Giovanni Benincasa

Da Wikiquote, aforismi e citazioni in libertà.
Giovanni Benincasa (2008)

Giovanni Benincasa (1960 – vivente), autore televisivo, giornalista e scrittore italiano.

Citazioni di Giovanni Benincasa[modifica]

Citazioni in ordine temporale.

  • Aldo Grasso otto volte su dieci ha sempre ragione, io non penso di far parte delle restanti due! [sorride, ndr].[1]
  • Io penso che Massimo Troisi appartenga a una rarissima categoria di uomini che si sono espressi in arti o in lavori — pittura, musica, letteratura, altro — senza che ce ne fosse assolutamente bisogno. Perché Troisi era una scultura vivente, un incendio pittorico lui stesso. E il fatto che abbia sputato parte della sua grandezza in pochissimi film non ha alcun valore, se non quello di fissarlo nella nostra memoria o nei nostri schermetti. Voglio dire questo, voglio tentare di farmi capire: Massimo Troisi è il quadro, la partitura, l'Opera. Non ha bisogno di esprimersi.[2]
  • [«Se fosse direttore di rete per un giorno, cosa farebbe?»] Obbligherei Gigi Marzullo a levarsi la sua maglietta a righe. Da Raiuno lo porterei su Raidue con il nuovo look e poi su Raitre gli farei dire: "Signore e signori, buonanotte".[3]
  • Ho un ricordo [...] legato a un amico d'infanzia di Massimo Troisi, che per "comodità" chiamerò Armando: uomo alto e grosso, con la barba e il vocione che sembra un mangiafuoco. Uomo però buono e mite, dalla risatona contagiosa. Armando in quegli anni era l'autista del Presidente di una Banca napoletana. Quando il Napoli vinse lo scudetto, tutta la squadra festeggiò su uno yacht con amici, musica e champagne. E Armando, che aveva la possibilità di andare a quei festeggiamenti con il suo amico Troisi (ma quando ti ricapita più?), disse alla moglie una bugia: disse insomma che doveva partire per portare il "Presidente" a un convegno a Fiuggi. Quando il giorno dopo, come in Totò, Peppino e la... malafemmina, Il Mattino riportò la foto di Maradona, Troisi e Armando con i bicchieri in mano, sopra una barca al largo di Napoli, la moglie chiamò Armando e in modo lento, esplorativo, scrutativo, cominciò a fargli una serie di domande su Fiuggi e le sue acque, con movimenti sussultori e ondulatori del telefono che nemmeno tra Pompei ed Ercolano. Per anni, si rise di questa cosa.[4]
  • [«Cosa ha visto in Valerio Lundini per decidere di scommettere su di lui?»] Un artista puro. Una nuova forma di applicazione scenica: un autore e un personaggio istintivo ma anche geometrico, mai scontato.[5]
  • Adesso se vai in treno noterai che si cominciano a guardare film sul cellulare e non più sull'iPad o sul computer. Quindi questo apparecchio, messo in orizzontale, ha abituato l'occhio al nuovo format visivo, al nuovo modello: ci stiamo abituando a guardare le cose in questo modo.[6]
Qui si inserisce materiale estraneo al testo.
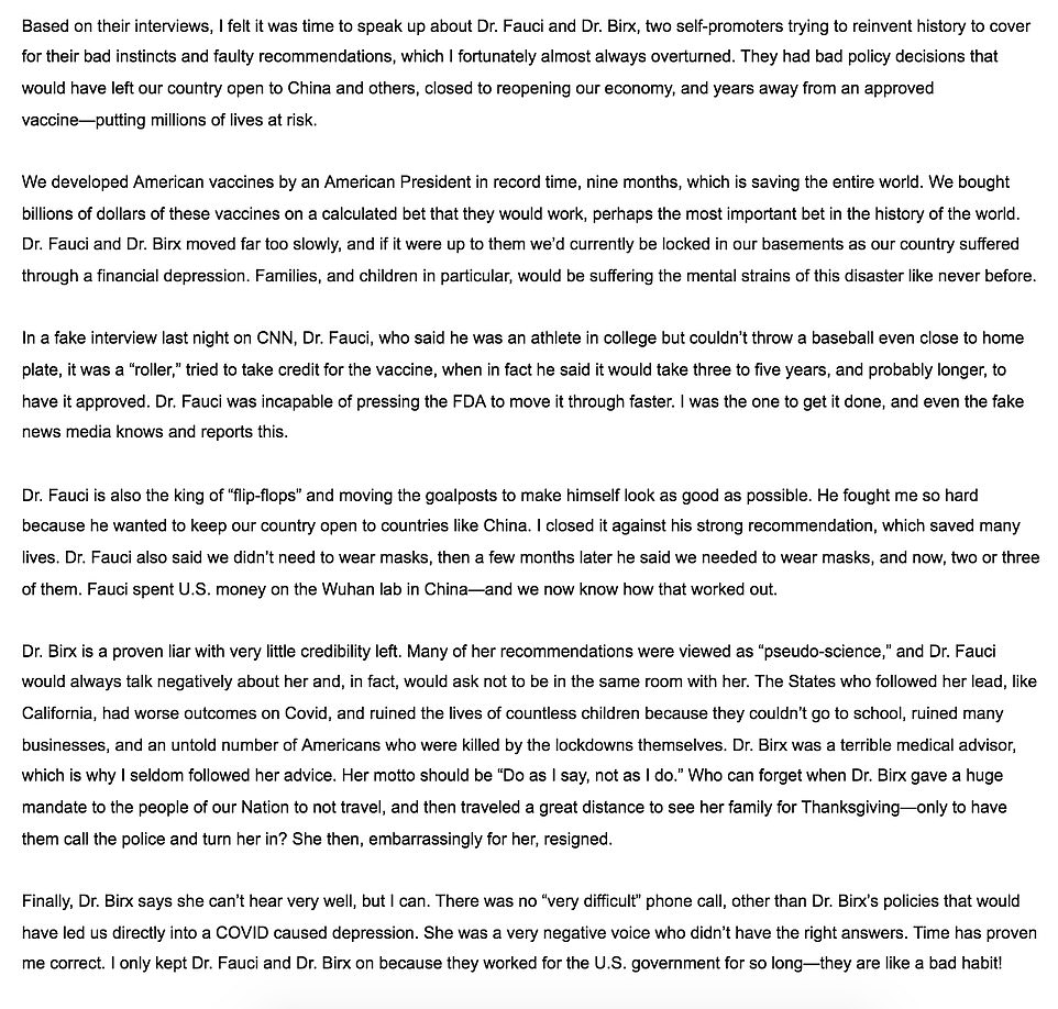 Tuyên bố gây nhức nhối của anh ấy được đưa ra sau khi Fauci và Birx đều xuất hiện trên CNN vào Chủ nhật, với Birx nói về sự hối tiếc của cô ấy với tư cách là trưởng lực lượng đặc nhiệm COVID của Nhà Trắng, và Fauci xuất hiện để tuyên bố công nhận cho quyết định nhanh chóng phát triển vắc-xin chống lại COVID-19.

L'inventore di programmi: intervista a Giovanni Benincasa

cinetivu.com, 8 maggio 2009.

  • I format sono importanti, non vanno certo ignorati, ma come sempre manca la misura e il coraggio. Soprattutto, troppo spesso mancano gli editori. In tv i Longanesi non passano.
  • Raffaella è una professionista seria e instancabile, molto pignola, che sa ancora sorprendersi. E con questa sua eterna capacità di stupirsi io mi sono sempre molto divertito. Un giorno le raccontai che volevo fare i titoli di testa di Carramba in diretta dallo spazio, con gli astronauti della Mir che uscivano dalla navicella con i nostri nomi scritti sopra ai cartelli. Raffaella rideva, rideva, e non mi credeva. Poi abbiamo fatto le prove, un pomeriggio, collegati con lo spazio e lei continuava a esclamare "Non è possibile, non è possibile...". Quanto mi sono divertito quel giorno.
  • Le idee mi vengono in continuazione, sono divorato da una febbre mentale che non mi dà pace, e soprattutto non mi dà pace il fatto che io non possa realizzare almeno tre programmi l'anno.
  • Sembrerà strano, e forse è un paradosso, ma la tv non ha bisogno di idee. Ha bisogno di Programmi.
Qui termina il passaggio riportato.